Contradiction (33/27): Improve the convenience of use (33) of the diagnostics while also increasing or not compromising on the reliability (27)
Solution: One example of an inexpensive disposable technical system where the convenience of use is improved while also increasing reliability is the glucose test strip used in blood glucose monitoring devices for diabetes management. Glucose test strips are designed to be user-friendly, allowing individuals with diabetes to easily apply a small blood sample to the strip using a lancet. The test strips provide rapid results, allowing users to monitor their blood glucose levels in a matter of seconds.
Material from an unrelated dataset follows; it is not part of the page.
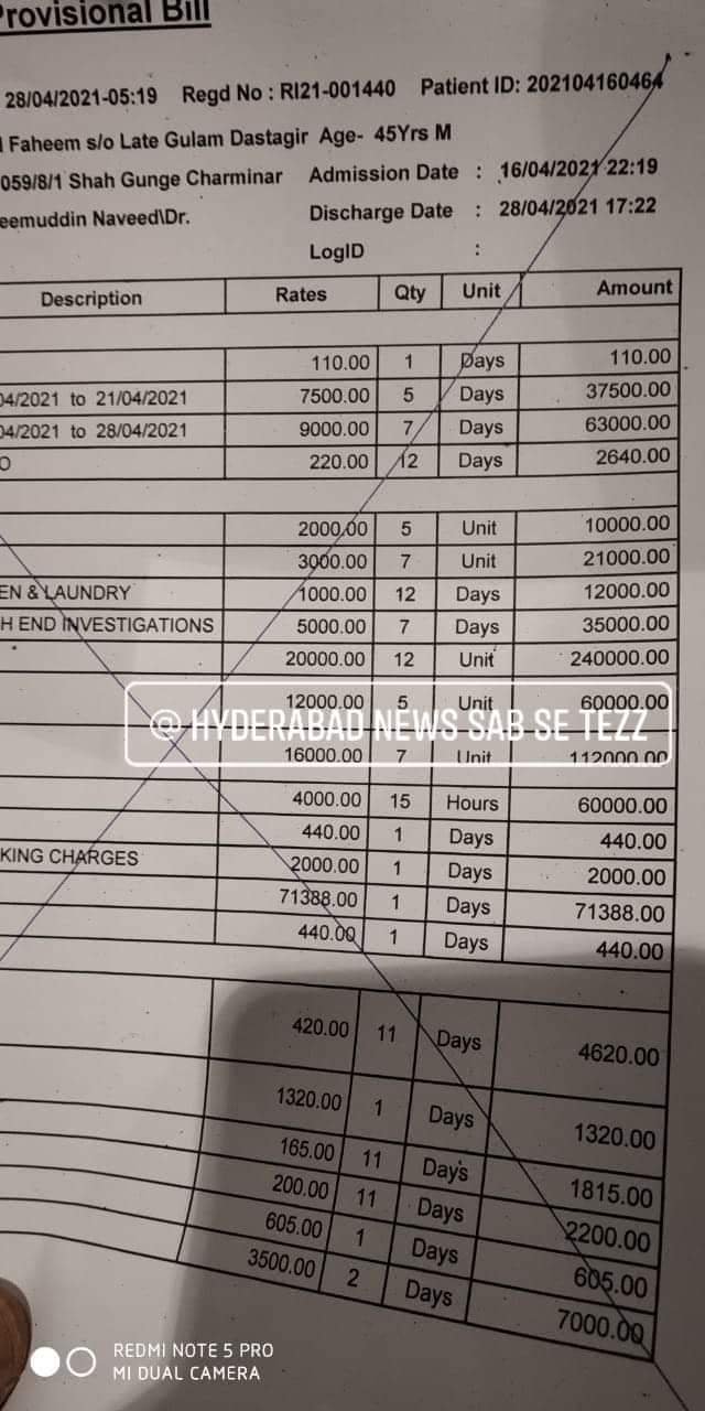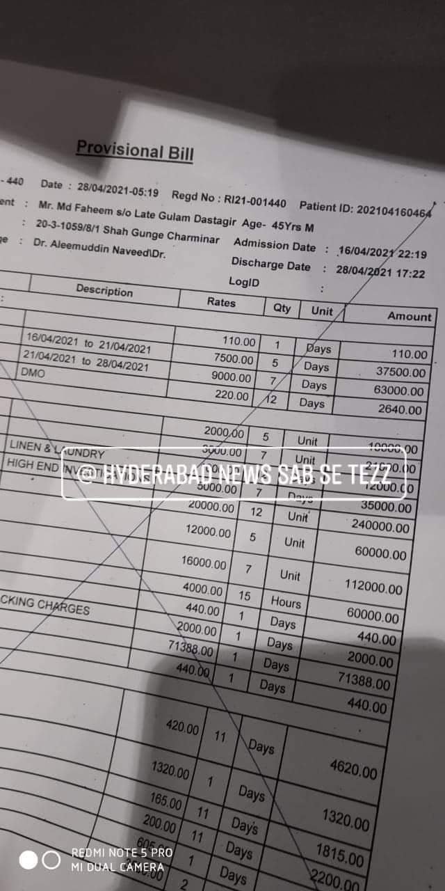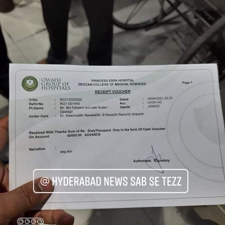 Mohammed Faheem r/o H No: 19-4-280/2/1 Nawab Saheb Kunta a Covid positive patient who was admitted in Princess Esra Hospital managed by AIMIM party died just now, the patient relatives paid Rs/ 1.60 lakhs and Hospital authorities are demanding 6.50 lakhs more to hand over the dead body.

This quick feedback enhances the overall convenience of self-monitoring. Glucose test strips are small and portable, making them easy to carry, store, and use anywhere. This portability contributes to the convenience of managing diabetes on the go.
Modern glucose test strips are engineered for high accuracy, providing reliable measurements of blood glucose levels. This accuracy is crucial for individuals to make informed decisions about insulin dosage and overall diabetes management. The disposable nature of these test strips ensures consistent performance for each use, eliminating the risk of contamination or degradation that could impact the reliability of results. Since the test strips are disposable, there is a lower risk of contamination from residual blood or other substances. This contributes to the reliability of measurements and reduces the potential for inaccurate readings. Disposable test strips eliminate the possibility of cross-contamination between different users, ensuring that each individual receives accurate and personalized results.